Это лишь игра - страница 59
А когда мы вышли из мужской раздевалки, Третьякова уже тут как тут. Поджидала его:
– Петя, идем домой?
– Да у нас же тренировка, я ж тебе говорил. Соревнование же в эту пятницу…
Она посмотрела на него как преданная дура.
– А вечером зайдешь?
– Ага, – махнул он ей рукой, потом повернулся к нашим с красноречивой гримасой: Ну вот. Видели? Проходу мне не дает, никуда от нее не денешься.
Черный, который уже и до этого меня подбешивал, в тот момент опротивел до крайности. Так, что захотелось не только ей что-то там доказать, но чтобы и он почувствовал себя тварью. А в итоге как-то не очень чувствую себя я.
Просто не думал, что увижу в ней столько боли. И это неожиданно пробрало, хоть мне и не понять ее горя.
В колледже, там, в Калгари, тоже бывали моменты. Помню, однажды поймали с косяком парня, с которым я делил комнату в кампусе. Мы с ним нормально общались, я его… ну, не то чтобы опекал, скорее, просто избавил от неприятностей. Сам по себе он был тихоней, вроде нашего Жуковского. Такой же забитый, полудохлый, бессловесный. Типичная жертва. И его тоже гоняли. Как-то поздно вечером или даже ночью я спустился в прачечную и застал картину: он, полуголый, стоит на коленях, скулит, трясется. Вокруг него возвышаются парни и, смеясь, попинывают его. Не остервенело, а так, больше для унижения.

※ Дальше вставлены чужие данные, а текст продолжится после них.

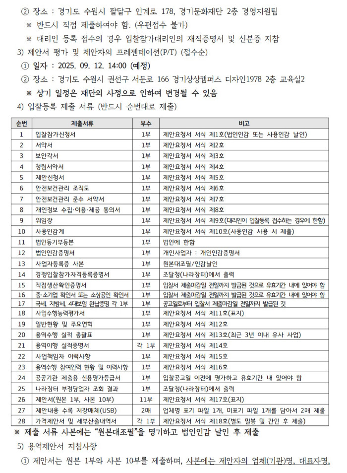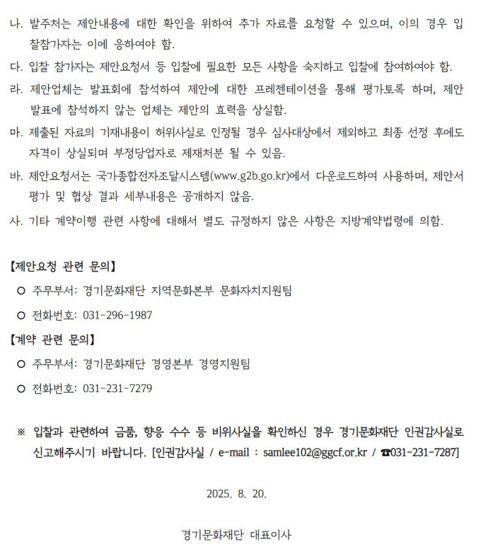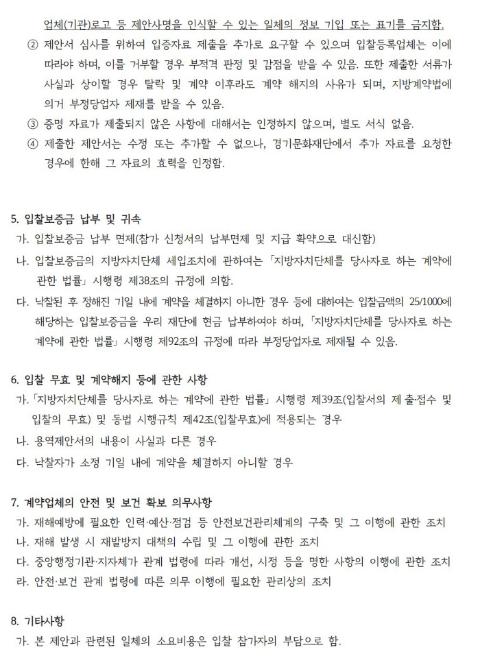 2. 경기문화재단의 고지가 있고 난 뒤 효력 발생일까지 어떠한 이의도 제기하지 않았을 경우, 개정된 가이드를 승인한 것으로 간주합니다.
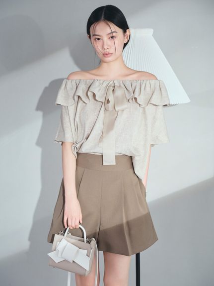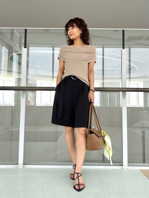 ハリ感のある、上品なキュロットデザイン。上品なオフショルブラウスで女っぽく。
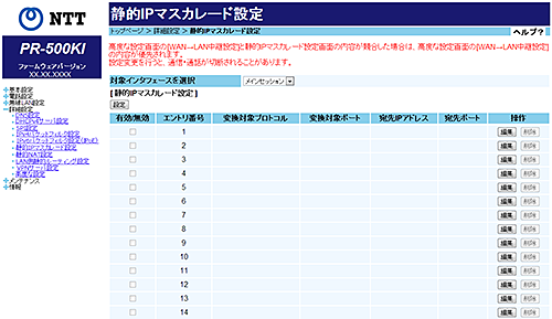 [静的IPマスカレード設定]
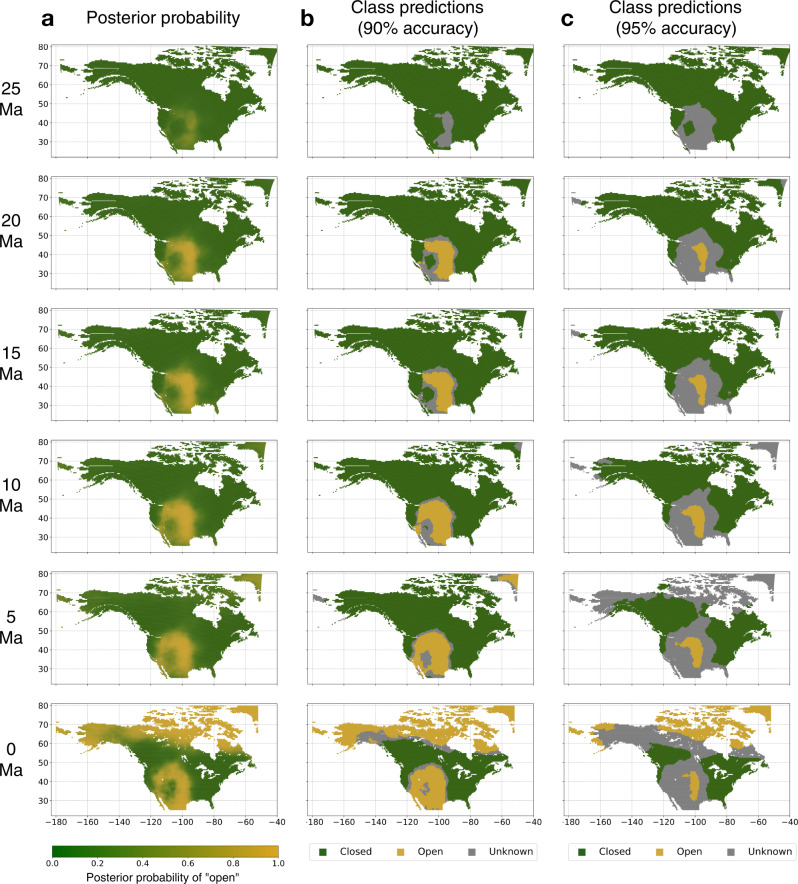 The origin and evolution of open habitats in North America inferred by Bayesian deep learning models

Я зачем-то влез.
Тогда его отпустили, но на следующую ночь устроили ему очередное шоу, и он примчался ко мне. Я в то время жил один, но комната была на двоих. Так что пустил его к себе на время, а он как-то прижился, ну и мне особо не мешал. После этого от него отстали. Он даже со временем осмелел. А спустя два года куратор кампуса застал его с травой, прямо в нашей комнате.
За такие дела у нас, естественно, сразу исключали. И он просто свалил все на меня. Потом, конечно, извинялся: «Я не хотел… я не подумал, я ничего такого… я просто сказал, что это не моё… Ну тебя бы все равно не исключили…».
Тогда было неприятно, это да. Но чтобы расстраиваться или переживать, а уж тем более убиваться… абсолютно нет. Случались еще какие-то подобные истории. Но они лишь подтверждали то, что я и так знал: нельзя никому безоговорочно доверять и полагаться стоит только на себя. Потому что каждого прежде всего волнует только он сам, что, в общем-то, естественно. Это надо принять как неизбежность, и разочарований не будет.
А Третьякова… она как будто не от мира сего. И мне действительно ее такую жаль. Я даже ловлю себя на том, что переживаю за неё так, что ни на чем другом не могу сфокусировать внимание. Уже ночью хочу зайти к ней в вк, но нахожу лишь удаленный профиль, хотя на днях видел ее страницу.
Зато в чате класса новое воззвание: игнорить Третьякову.
«Пусть эта убогая живет, но никто не должен с ней даже здороваться. Ее в нашем классе больше нет», -- пишет Михайловская.
И в ответ сплошные лайки...
30. 30. Герман
– Сегодня работать будете в парах, – говорит Бурунов, наш ОБЖшник. Он же – зам директрисы.
Бурунов – бывший военный и замашки у него солдафонские. Наши с ним не шутят.
– Все, кто сидит по одному, подсаживайтесь друг к другу, – велит он. – В темпе!
Ко мне сразу садится Михайловская, кто-то еще к кому-то, и в итоге в гордом одиночестве остаются двое: Жучка – за последней партой и Третьякова – за первой.
– Жуковский, к Третьяковой, – кивком указывает Бурунов. – Живее!
– Жучара, попробуй только сядь к ней, – шипит Ямпольский. – Давай зашкварься.